# Baby's First Title



## Loisiana (Jul 29, 2009)

Phoenix got his first title yesterday, RN. 

Since I'm not one to show dogs when they are really young, he is the youngest of my dogs to ever get a title at 15 months. He did it with style - he didn't lose any points on the way to his title, but the judge on the second leg did hit me a 2 point handler error for my side step. :uhoh: So his scores were 100, 98, 100.

Here's a video of his titling leg: [YOUTUBE]qneHmQyU8o[/YOUTUBE]

And a quick picture I snapped at the end of the class. I should have pictures taken by club in a day or two.


----------



## AmberSunrise (Apr 1, 2009)

Yay Phoenix & Jodie  

Congratulations handsome boy!!


----------



## solinvictus (Oct 23, 2008)

Way to go Team Phoenix!!!!! Congratulations.


----------



## Taylorsmum (Sep 30, 2014)

oh wow, congratulations.


----------



## hotel4dogs (Sep 29, 2008)

congratulations! The first one is very, very special!


----------



## Megora (Jun 7, 2010)

Big congrats Jodie<: 

He's going to be a great obedience dog.


----------



## Titan1 (Jan 19, 2010)

Yeah.. so proud of you two. Can't wait to see what the future holds!


----------



## CAROLINA MOM (May 12, 2009)

Congratulations to you and Phoenix, fantastic job and accomplishment!

Very handsome boy!


----------



## Loisiana (Jul 29, 2009)

Titan1 said:


> Yeah.. so proud of you two. Can't wait to see what the future holds!

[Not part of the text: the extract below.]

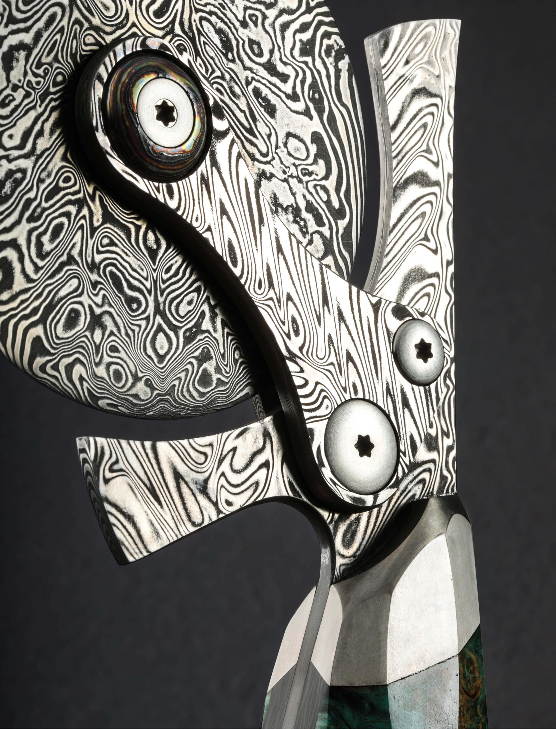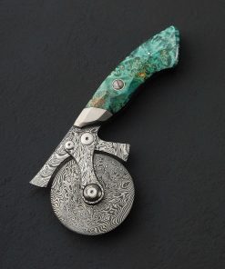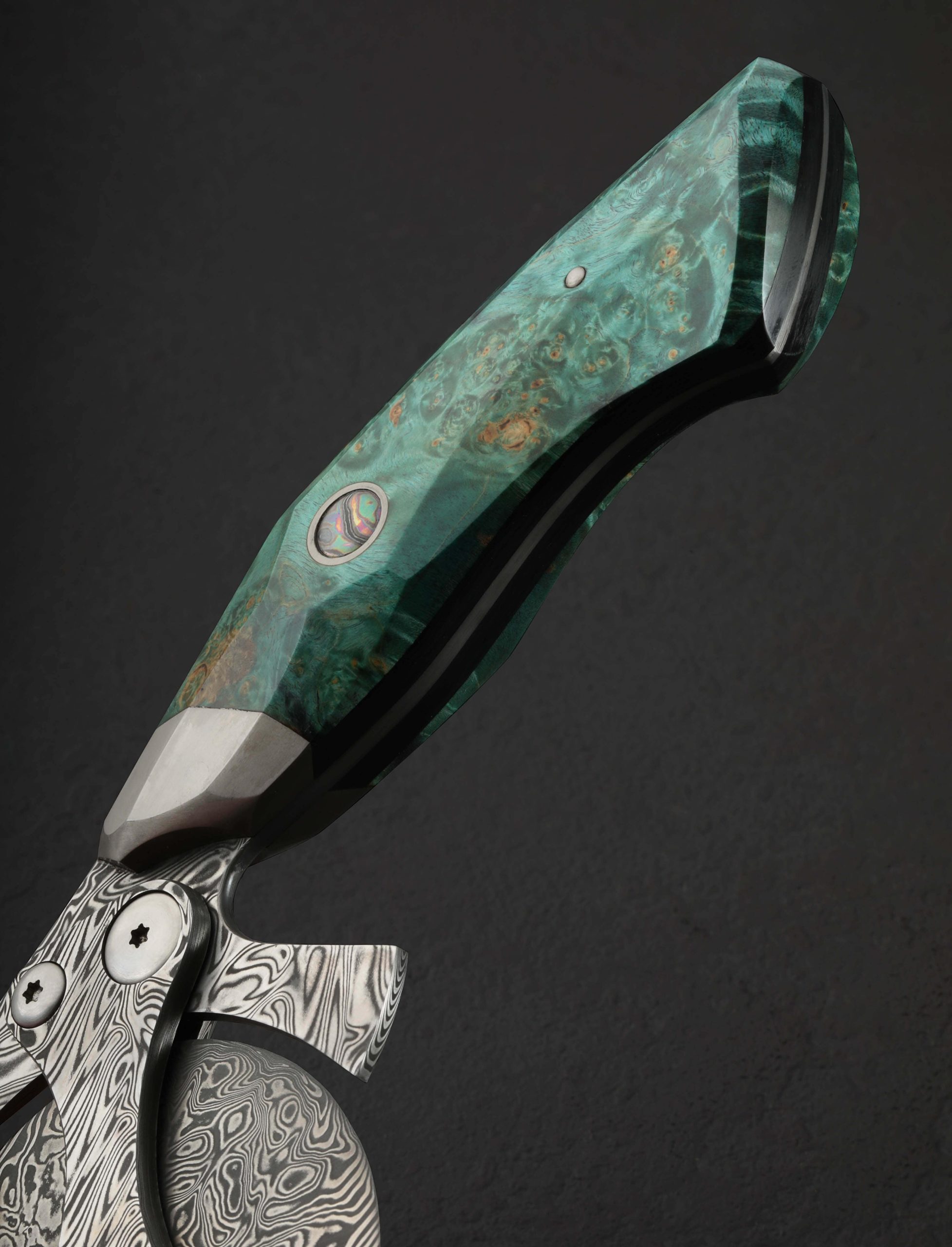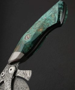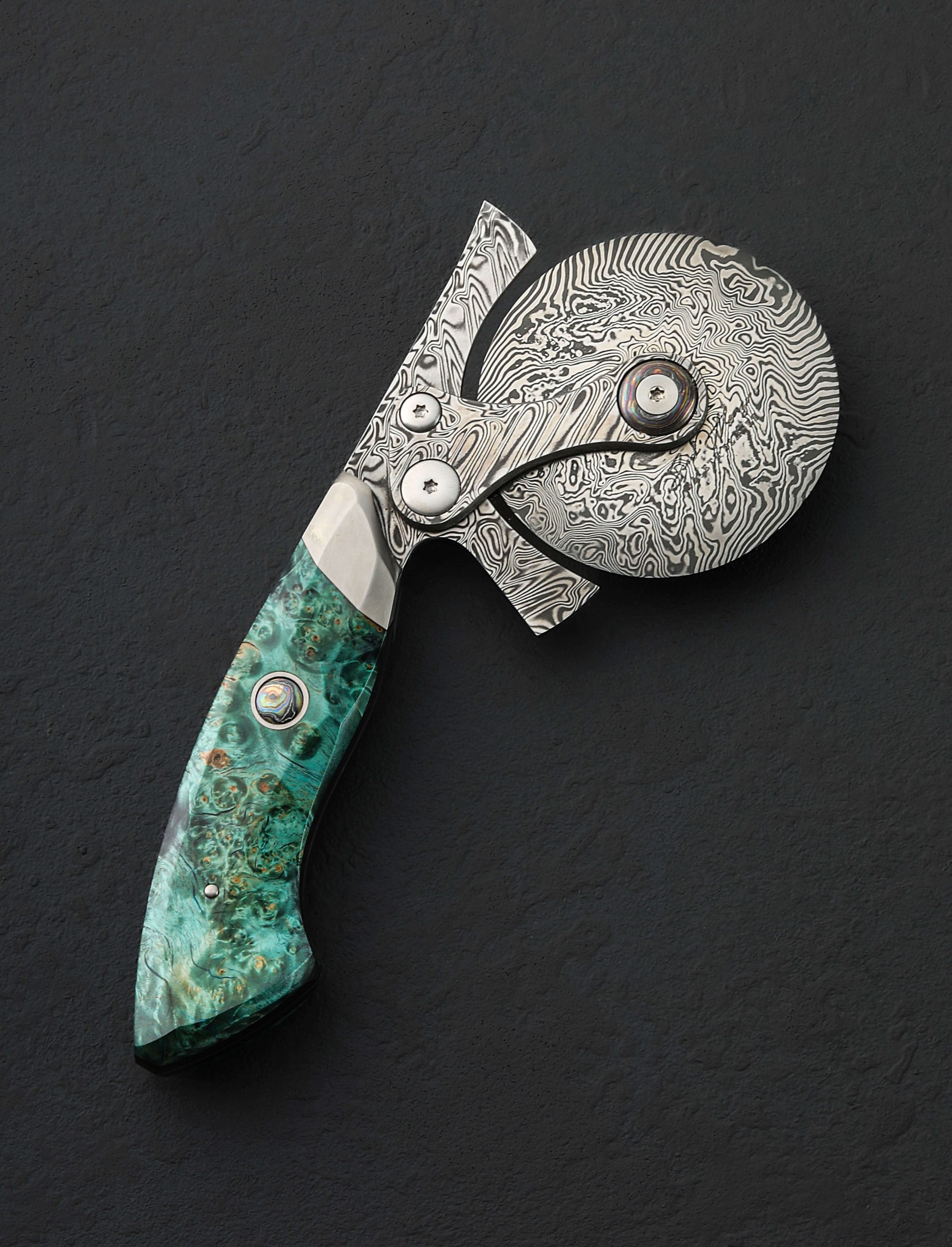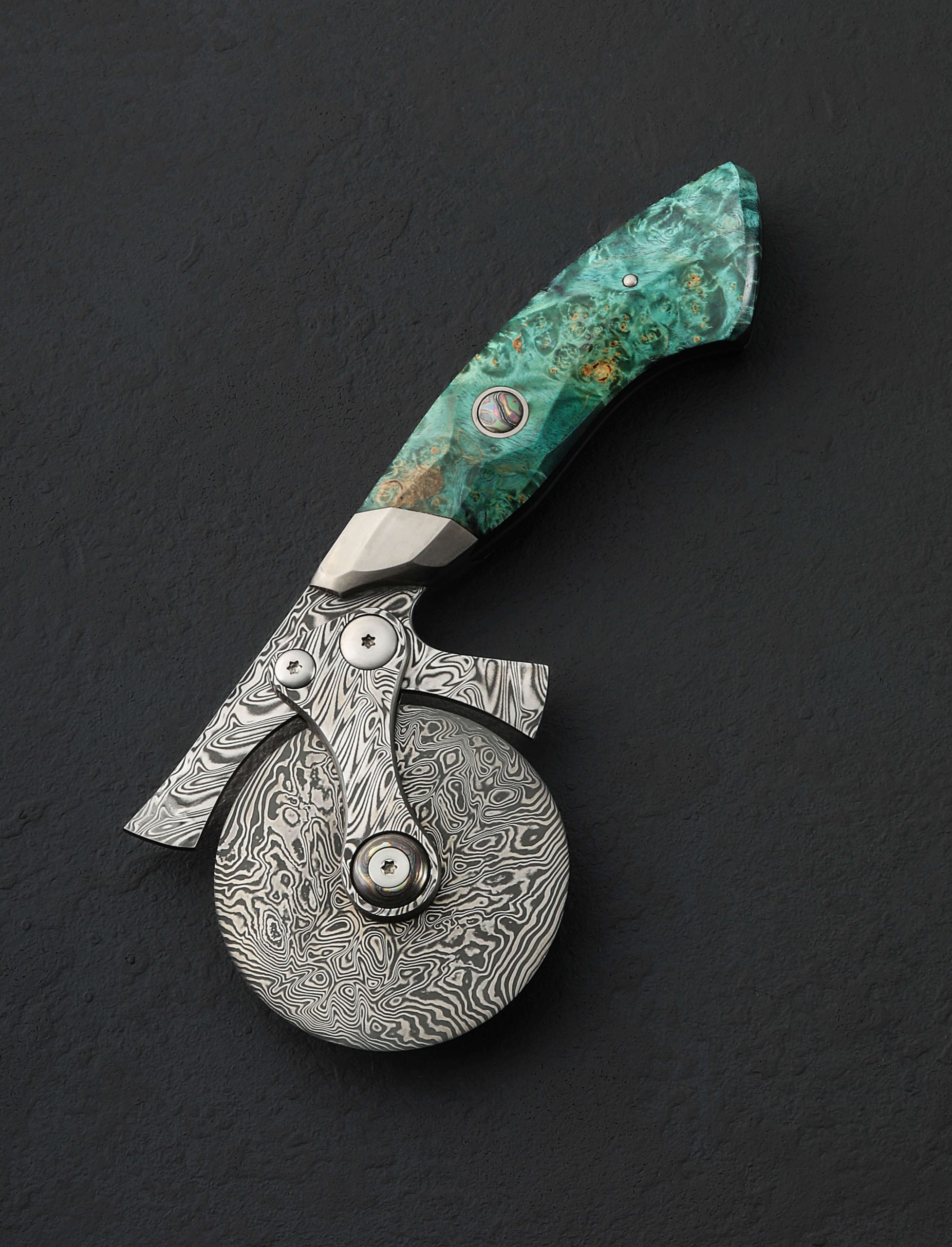 Wheel, arms, and frame of this striking, one-of-a-kind pizza tool are precision-crafted from Damasteel stainless damascus by the object’s designer and maker, Filipino artist Sean Alonzo. In a style that this talented craftsman has honed over recent years, and quickly developed a following because of, this pizza cutter is as comfortable in the hand and utile in the kitchen as it is exquisite to behold. Each object Sean creates at his studio in Metro Manila is unique, and that could be considered an understatement here. For comfort and control while maneuvering the three inch wheel that turns on phosphor bronze washers, Sean layers dyed and stabilized box elder burl, which has been sculpted to hug the hand, atop thick liners of carbon fiber, that in turn flank the frame’s tapered Damasteel tang to form the gorgeous handle. At its front face, dovetailed and faceted titanium bolsters complete the handle build. And Sean doesn’t stop there: a titanium ring surrounds a titanium and zirconium timascus accent pin at the handle’s center. This detail in turn matches the timascus collars that encircle the titanium hardware which secures the wheel to its arms. A rare and gourmet pizza experience awaits.

Today it holds chilling on the couch.


----------



## TheZ's (Jun 13, 2011)

Congrats! I'm guessing it's just the first of many to come. He looks like such a happy guy. Just wondering if that's a martingale collar he's wearing and if they're ok for obedience competition?


----------



## Loisiana (Jul 29, 2009)

TheZ's said:


> Congrats! I'm guessing it's just the first of many to come. He looks like such a happy guy. Just wondering if that's a martingale collar he's wearing and if they're ok for obedience competition?


yes, it's a martingale and yes they are fine for obedience. I started using martingales on Flip when he was young because he would get excited at a show and slip his collar. Actually Flip still sometimes slips his collar at 5 years old, he's a bit of an expert at it. I've never had Phoenix slip a collar, but I have pretty ones so he still wears one sometimes. This one is one of the braided leather Stibbar collars.


----------



## Loisiana (Jul 29, 2009)

My next plan is to find some more challenging show sites. I carefully chose small trials without a lot going on to get him started on, now I'd like to try him out at some bigger trials with lots of rings and commotion. Problem is there aren't any trials within a few hours from here for several months.


----------



## 2golddogs (Oct 19, 2009)

Congratulations! He look fantastic wearing his ribbon.


----------



## Sally's Mom (Sep 20, 2010)

Congrats, he is very handsome and accomplished..


----------



## MaureenM (Sep 20, 2011)

Congratulations!!! Such a Handsome, Happy Boy!!!!


----------



## boomers_dawn (Sep 20, 2009)

congratulations and cutest. photo. ever.


----------



## Loisiana (Jul 29, 2009)

Just got picture taken by the club


----------



## AmberSunrise (Apr 1, 2009)

He has his mama's smile 

Congrats again!


----------



## Christen113 (Dec 3, 2014)

Congrats! Looks like he's smiling!


----------



## Loisiana (Jul 29, 2009)

I was hoping she'd get some nice pictures of him heeling, but looks like all she got was a pic during a halt walk around. Oh well, shows off his nice golden color


----------



## cubbysan (Mar 13, 2007)

Great job! He looks very proud!


----------



## MustLoveGoldens (Sep 13, 2014)

Congratulations! Love the pictures you posted.


----------



## GoldenSkies (Feb 27, 2014)

Congratulations Phoenix !!


----------